Defo look into LTDs, i own a high end LTD and its the most comfortable guitar i've ever played (that includes a JP in a shop).


----------



## vampiregenocide (Jan 23, 2012)

I tried one of the high-end LTD ECs and it was epic. Well worth looking into. Don't think the LTDs are automatically bad because they're not proper ESPs, they're still very good quality guitars.


----------



## vampiregenocide (Jan 23, 2012)

I tried one of the high-end LTD ECs and it was epic. Well worth looking into. Don't think the LTDs are automatically bad because they're not proper ESPs, they're still very good quality guitars.


----------



## Takemyevil (Jan 23, 2012)

vampiregenocide said:


> I tried one of the high-end LTD ECs and it was epic. Well worth looking into. Don't think the LTDs are automatically bad because they're not proper ESPs, they're still very good quality guitars.


+1


----------



## Tanoma (Jan 23, 2012)

Schecter makes quite a few nice guitars that look similar to the ESP Eclipse II


----------



## wilsonho94 (Jan 23, 2012)

But is it true that all Edwards are Made in China and final inspections are done in Japan? And are they rather higher end Ibanez ARts?


----------



## Djent (Jan 23, 2012)

wilsonho94 said:


> But is it true that all Edwards are Made in China and final inspections are done in Japan? And are they rather higher end Ibanez ARts?



No, they're 100% made in Japan.


----------



## Scar Symmetry (Jan 23, 2012)

Alternative to ESP?

Death.


----------



## Iamasingularity (Jan 24, 2012)

wilsonho94 said:


> But is it true that all Edwards are Made in China and final inspections are done in Japan? And are they rather higher end Ibanez ARts?


----------



## guy in latvia (Jan 24, 2012)

80s and early 90s Burny Les Pauls are the way to go!
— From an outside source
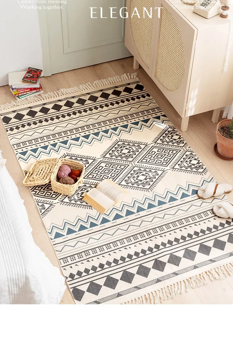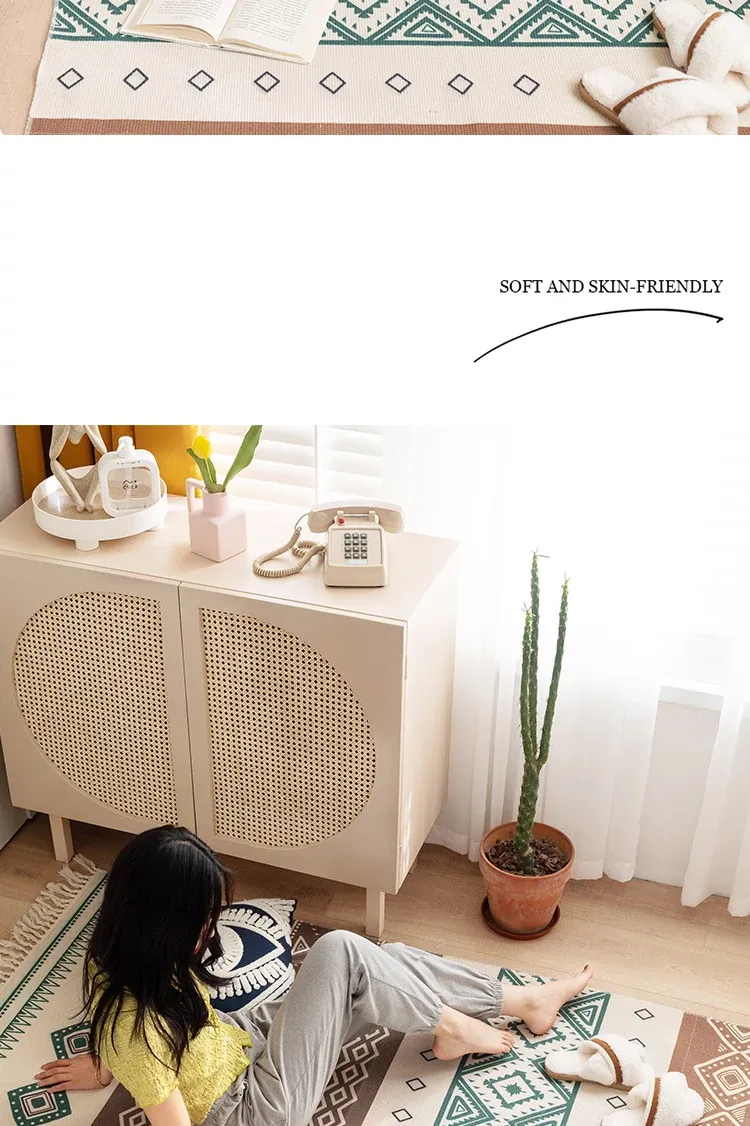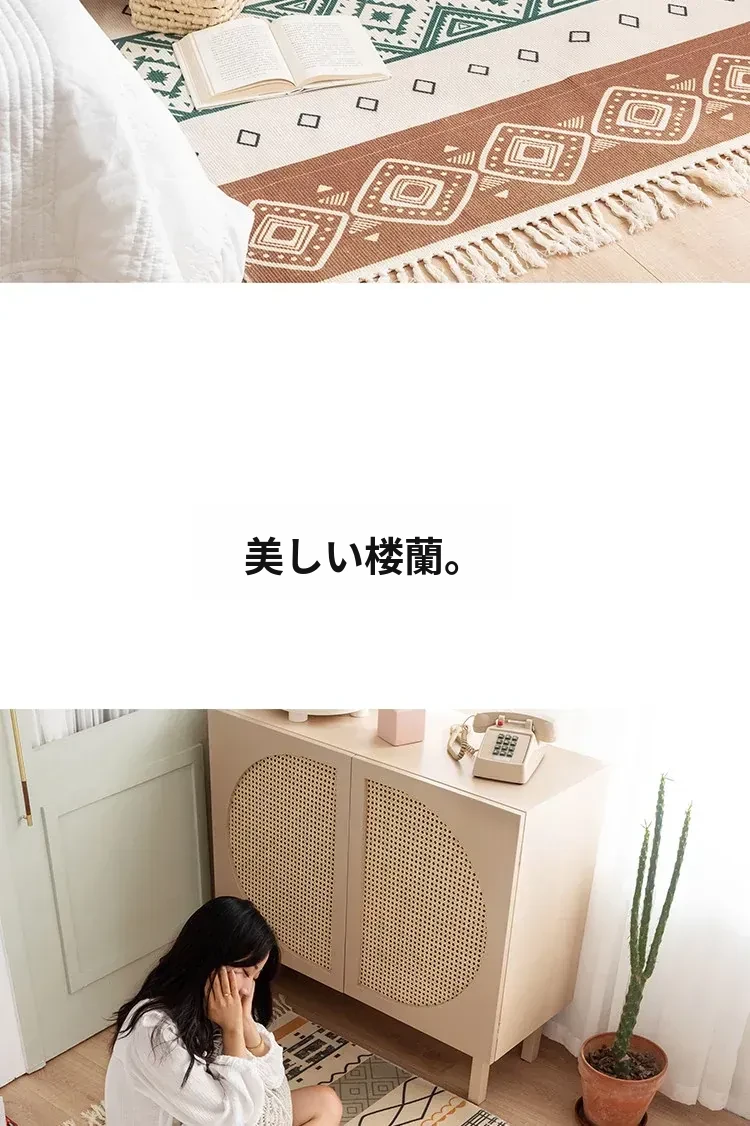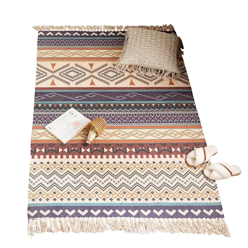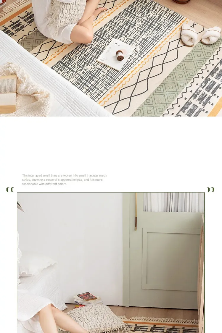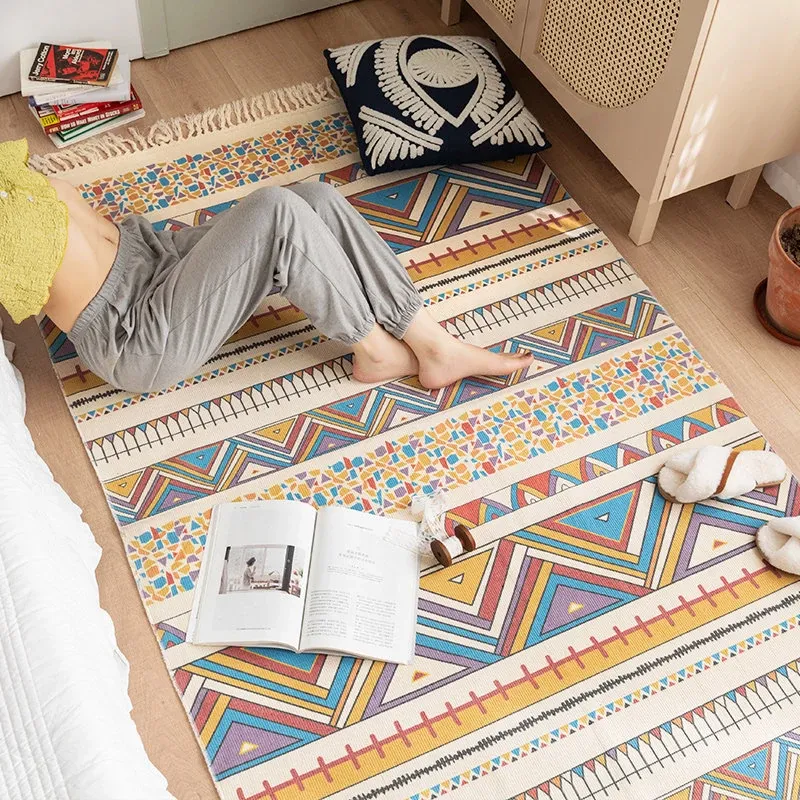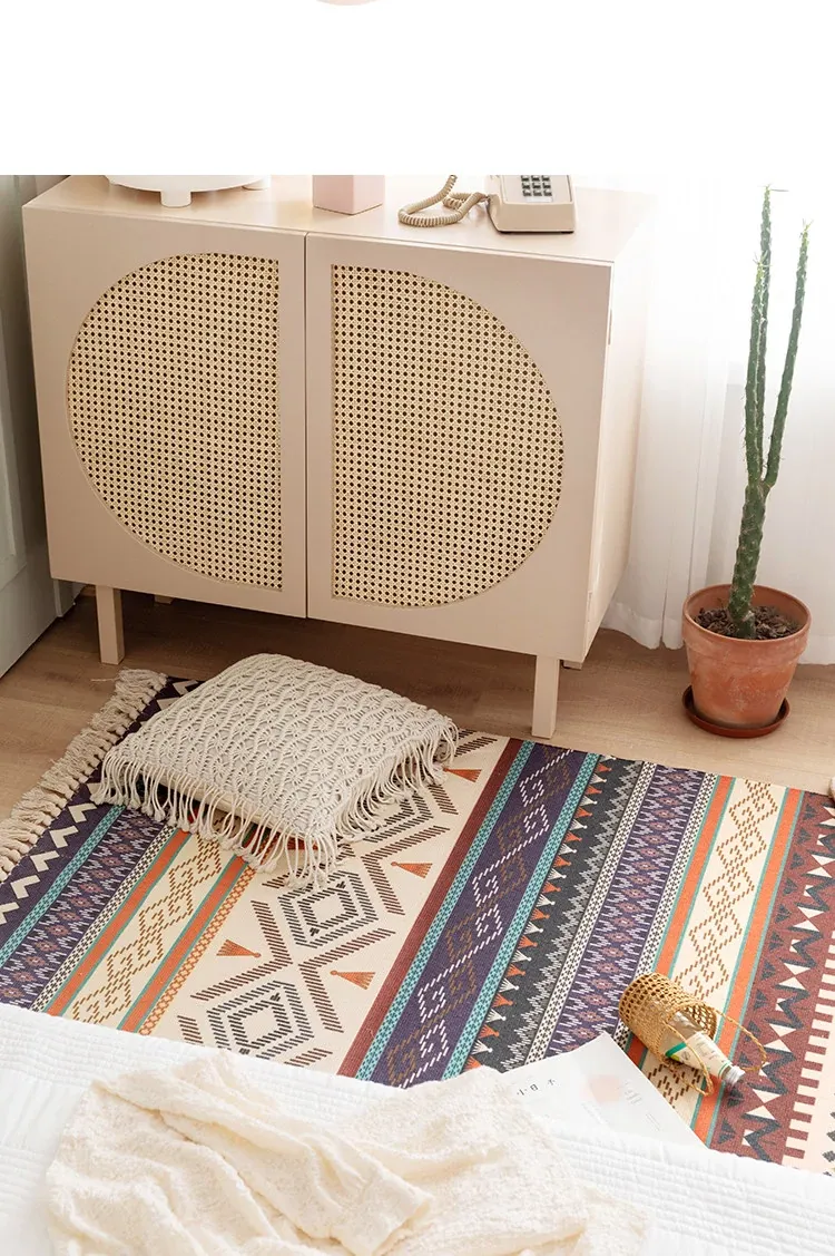 蔓越家 レトロコットンリネンマット ベッドサイドマット 多機能リビングルームプレイマット ソファ・テーブル用カーペット - おしゃれで快適な空間を演出!

You should be able to grab one sub $1000. I've heard people say they're on par with Gibson quality (especially the 80s models).


----------



## Dan (Jan 24, 2012)

All of the above. Go for a high end LTD, for price and feel you cant really go wrong. I'd give PRS a look at well though, ever since i got my custom 22 ive never looked back!


----------



## ridner (Jan 25, 2012)

nothing wrong w/ LTD. the higher end ones are pretty comparable to ESP. I just pulled the trigger on an EC-401FM in Reindeer Blue


----------



## Vinchester (Jan 25, 2012)

I'd recommend you check out one of the top-end Tokai Love Rocks.


----------



## USMarine75 (Jan 25, 2012)

I concur with LTD recommendations... I bought one of these for $600 and I have yet to have someone explain to me how the ESP version for $2k is better. A couple knowlegable friends of mine that are "guitar snobs" and not ESP fans anyways have tried to find flaws (frets, finish, etc) and were impressed with the quality and parts of a Korean made guitar. Honestly, I admit I originally bought it as a "Rambo" wall decoration for my guitar room, but fell in love with it once I played it.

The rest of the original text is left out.